ParZu - The Zurich Dependency Parser for German
A project of the Computational Linguistics Group at the University of Zurich (http://www.cl.uzh.ch).
Project Homepage: http://github.com/rsennrich/parzu
This program is free software; you can redistribute it and/or modify it under the terms of the GNU General Public License as published by the Free Software Foundation
ParZu is a dependency parser for German. This means that it analyzes the linguistic structure of sentences and, among other things, identifies the subject and object(s) of a verb.
It is a fork of Gerold Schneider's English Pro3Gres parser.

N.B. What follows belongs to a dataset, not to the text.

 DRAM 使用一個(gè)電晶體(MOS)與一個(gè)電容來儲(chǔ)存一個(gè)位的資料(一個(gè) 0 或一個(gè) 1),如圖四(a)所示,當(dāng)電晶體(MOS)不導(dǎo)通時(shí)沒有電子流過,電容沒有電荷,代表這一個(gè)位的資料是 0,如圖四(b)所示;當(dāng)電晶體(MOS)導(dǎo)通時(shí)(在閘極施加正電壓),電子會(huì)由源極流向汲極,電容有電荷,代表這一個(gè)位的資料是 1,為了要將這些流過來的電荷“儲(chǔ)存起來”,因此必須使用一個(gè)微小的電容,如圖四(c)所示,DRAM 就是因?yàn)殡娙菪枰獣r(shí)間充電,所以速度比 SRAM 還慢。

Its architecture is hybrid and consists of both a hand-written grammar and a statistics module that returns the most likely analysis of a sentence. The primary difference to the English parser is the German grammar and statistics module. Architecturally, it is different in that it supports the use of morphological information, and does not use a chunker. ParZu also has a python wrapper that supports various input/output formats and multiprocessing.
This software was developed and tested using
Linux (32 and 64 bit) SWI-Prolog 5.6 (or YAP 6.2 - check the top of the script `parzu` to switch between the two) Python 2.6 (also tested on Python 3.1) Perl 5.10
It may work in different environments, but there is no guarantee. Any contributions to improve cross-plattform compatibility are welcome.

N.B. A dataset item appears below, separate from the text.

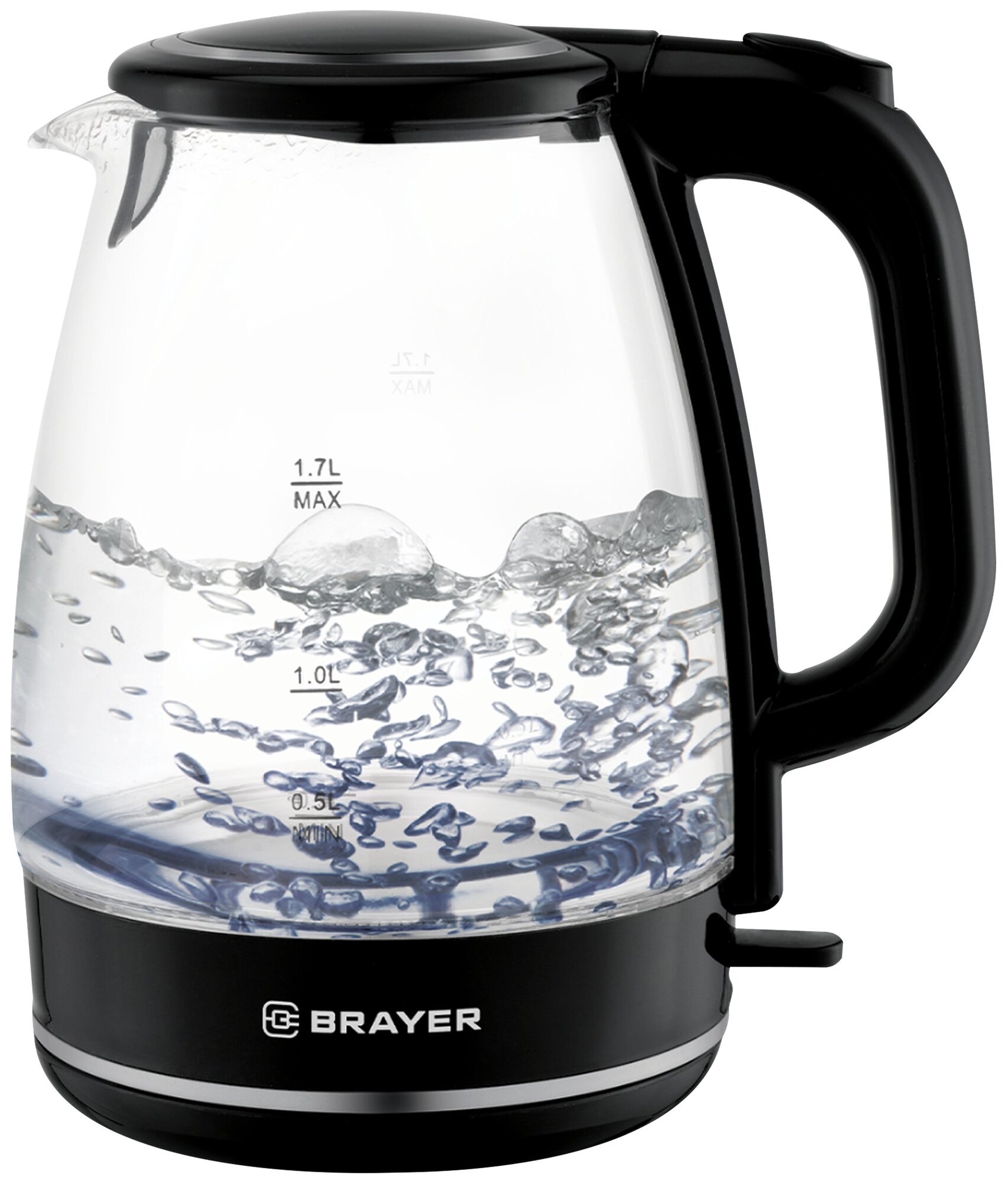 Чайник BRAYER BR1030, 1,7л, 2200Вт, закрытый нагревательный элемент, стекло, черный

Additionally, the parser requires the following software and licenses:
- A POS-Tagger using the STTS tagset: (for instance clevertagger: https://github.com/rsennrich/clevertagger)
- A tool for morphological analysis (not required, but strongly recommended). Supported:
For development and testing, we recommend Tüba-D/Z or the Hamburg Dependency Treebank HDT (free download for academic use). See the section below on how to extract and integrate statistical information from Tüba-D/Z or the HDT into the system.
Install all requirements. In Ubuntu Linux, all are available in the repositories: sudo apt-get install swi-prolog sfst
unpack (or git clone) the directory to your target directory.
adjust file paths in the config.ini file. Also define which lemmatisation/morphology you use (if any), and make sure they work. Default models can be installed/configured by executing
(OPTIONAL): If you have the Tüba-D/Z corpus in the right format (dependencies, CONLL format, UTF-8), you can generate improved statistic files by executing
statistics/create_statistics.sh. The Hamburg Dependency Treebank can be converted into the required CONLL format with the script
statistics/stats_creator/hamburg_treebank_to_conll.py. The files advstats* freq* konjstats* ppstats* and vstats* are created in a temporary directory - move them into the
statistics/folder to make the system use them. With evaluation/create_devsets.py , you can create a development from a CONLL format file, and perform quality/regression tests with python evaluation/do_evaluation.py.
(OPTIONAL): to speed up the parser initialization (with SWI-Prolog), run
statistics/compile.sh. Repeat this step if you modify the statistics files.
EXAMPLE COMMANDS AND USAGE INFORMATION
echo "Das ist ein Test." | ./parzu
runs preprocessing, the main parsing step and postprocessing.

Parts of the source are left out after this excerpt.